The responsiveness of local administrations and service providers to these challenges is important for the well-being of urban populations. Local officials might be unresponsive to their constituents’ public service needs for several reasons:

  1. They might lack information on the citizen’s priorities.
  2. They might lack the incentives to respond to citizen’s priorities because they are not held accountable for citizen’s well-being.
  3. They might lack the power to access the resources to respond to citizen’s priorities.

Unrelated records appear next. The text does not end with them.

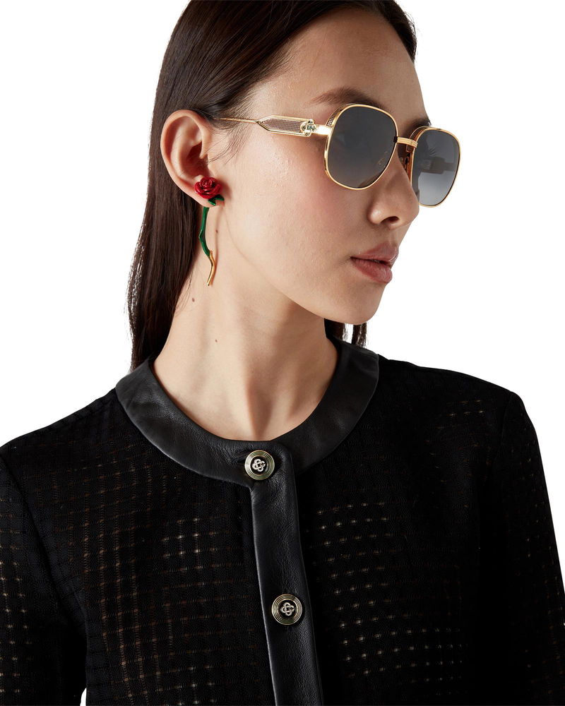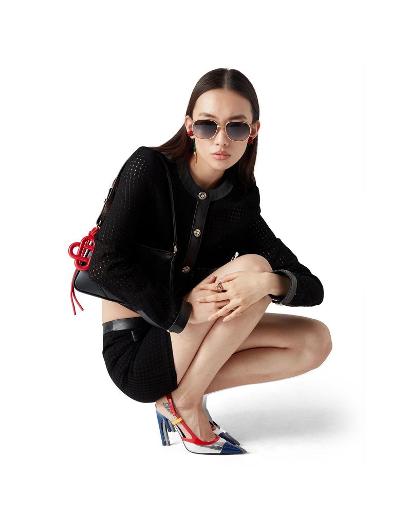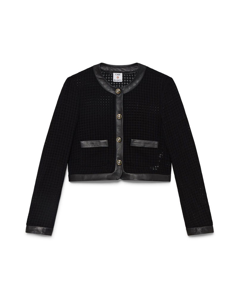 The open weave cropped tailored jacket is a long-sleeve collarless short style crafted from cordonetto fabric. Completed with button closure, signature gold rim pearl buttons, front patch pockets and leather trims.
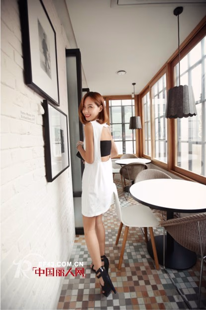 白色连衣裙从前面看一定是平淡无奇,但是玄机在后面,微露肌肤的设计既增添了性感的小女人味,又让单品变得与众不同,搭配黑色绑带凉鞋,完美身材就要秀出来。
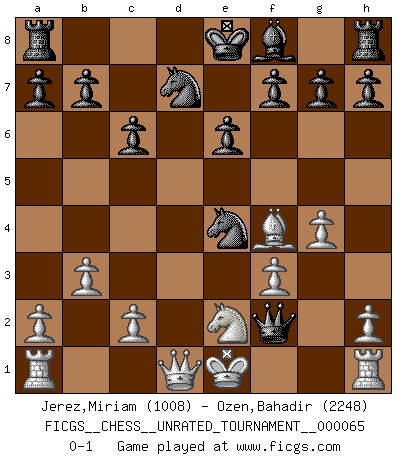 Last move : 0-1 2023 March 13 8:23:17 [Event "FICGS__CHESS__UNRATED_TOURNAMENT__000065"] [Site "FICGS"] [Date "2023.02.26"] [Round "1"] [White "Jerez,Miriam"] [Black "Ozen,Bahadir"] [Result "0-1"] [WhiteElo "1008"] [BlackElo "2248"] 1.e4 c6 2.d4 d5 3.Nc3 dxe4 4.Nxe4 Bf5 5.f3 e6 6.Bd3 Qxd4 7.Ne2 Qb6 8.g4 Bxe4 9.Bxe4 Nf6 10.Bg5 Nbd7 11.b3 Nxe4 12.Bf4 Qf2+ 0-1 Follow this game move after move (download)Look at Garry Kasparov. After he loses, invariably he wins the next game. He just kills the next guy. That's something that we have to learn to be able to do. (Maurice Ashley) Deine Wertungszahl - vorausgesetzt einige Jahre schachliche Anstrengung - entspricht etwa dem zehnfachen Deines IQ plus 1000. (Jonathan Levitt) Por tratar de evitar la pérdida de una pieza, muchas personas han perdido una partida de Ajedrez. (Savielly Tartakover) Horreur, mais aussi harmonie suprême : qu'y avait-il en effet au monde en dehors des échecs ? Le brouillard, l'inconnu, le non-être... (Vladimir Nabokov) You can't play chess if you're groggy from pills. (Anatoly Karpov)
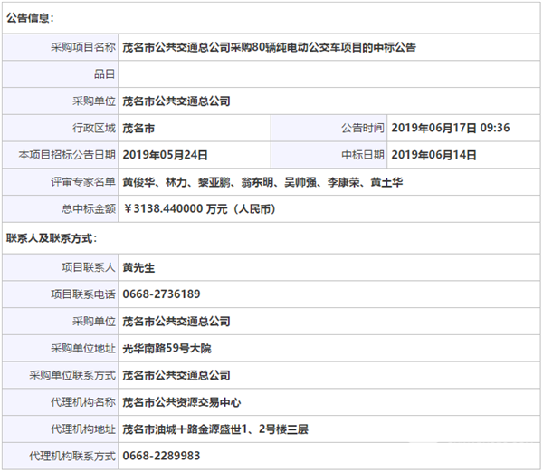 广东省茂名市公交总公司80辆纯电动公交车采购项目中标公告

Providing local officials with information on their citizens’ satisfaction levels with public services might enable them to make more informed investments in these services. Furthermore, providing information on their neighboring districts’ performance might create peer pressure for officials to be more responsive to their constituents’ needs. Lastly, providing this information to more senior regional officials might create pressure for local officials to improve their service provision. While many studies have measured the effect of informing citizens of the performance of their elected officials, little evidence exists on the impact of informing officials of their constituents’ needs.

Context of the evaluation

This study takes place in the outer limits of the capital city Addis Ababa and in the surrounding Oromia Special Zone (OSZ), a hub for Ethiopia’s economic growth and urbanization. In the early 1990’s, the Ethiopian government decentralized in order to promote greater regional independence and more localized public service delivery. Different administrative levels share responsibility for the delivery of public services including roads, water, electricity, health facilities, and schools. While the national government often provides broad service provision guidelines, more local zones and smaller woredas (districts) are largely responsible for implementation.

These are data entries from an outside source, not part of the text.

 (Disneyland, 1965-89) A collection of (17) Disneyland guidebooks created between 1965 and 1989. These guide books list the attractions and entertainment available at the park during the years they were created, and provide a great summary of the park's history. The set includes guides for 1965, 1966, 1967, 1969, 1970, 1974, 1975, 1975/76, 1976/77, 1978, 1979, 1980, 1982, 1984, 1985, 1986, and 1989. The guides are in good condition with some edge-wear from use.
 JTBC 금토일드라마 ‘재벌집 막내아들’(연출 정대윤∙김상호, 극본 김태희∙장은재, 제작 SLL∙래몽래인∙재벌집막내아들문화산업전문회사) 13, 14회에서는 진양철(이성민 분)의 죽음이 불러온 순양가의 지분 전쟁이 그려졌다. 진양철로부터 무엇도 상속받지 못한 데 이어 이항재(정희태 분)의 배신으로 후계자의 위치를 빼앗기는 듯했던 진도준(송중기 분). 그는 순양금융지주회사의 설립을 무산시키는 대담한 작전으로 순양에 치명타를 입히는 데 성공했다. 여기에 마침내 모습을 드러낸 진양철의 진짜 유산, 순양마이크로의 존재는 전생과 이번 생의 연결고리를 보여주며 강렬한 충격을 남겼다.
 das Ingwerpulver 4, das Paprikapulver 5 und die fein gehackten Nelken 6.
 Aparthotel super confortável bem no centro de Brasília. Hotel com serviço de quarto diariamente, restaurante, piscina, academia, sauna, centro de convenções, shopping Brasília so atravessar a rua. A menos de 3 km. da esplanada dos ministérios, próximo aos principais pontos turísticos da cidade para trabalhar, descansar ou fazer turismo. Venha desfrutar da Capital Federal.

Despite these decentralization efforts, the surrounding areas of Addis Ababa often experience poor public service coverage. In a recent survey, approximately 24 percent of respondents reported having complained to a local official about electricity issues, and only 21 percent of these complaints were reported to have been adequately resolved. Administrators had low levels of awareness of their districts’ problems. For example, a 2016 survey showed that only 35 percent of administrators could accurately predict at least one of their community’s top two service priorities. Only 42 percent of administrators listed at least one of their office’s top priorities as being what they expected the public’s top priorities to be.

Hands reaching for water from a spigot in Ethiopia.
A water spigot in Ethiopia.

Details of the intervention

Researchers are partnering with the Ethiopian Development Research Institute (EDRI) to test the impact of providing local officials with information on their communities’ satisfaction with public services on the officials’ responsiveness to their communities’ needs.

Researchers will provide information (e.g., structured report cards) on the community’s satisfaction with public services to randomly selected officials at both the local and zonal level. With this design, they will be able to observe whether officials’ responsiveness in a sector improves when they receive information about public satisfaction, and whether the improvement is larger when the higher-ranking district or zone-level manager was also informed.

The report cards will be delivered in summer 2017, and researchers will conduct follow-up surveys with officials and citizens nine to twelve months later.

Results and policy lessons

Research ongoing; results forthcoming.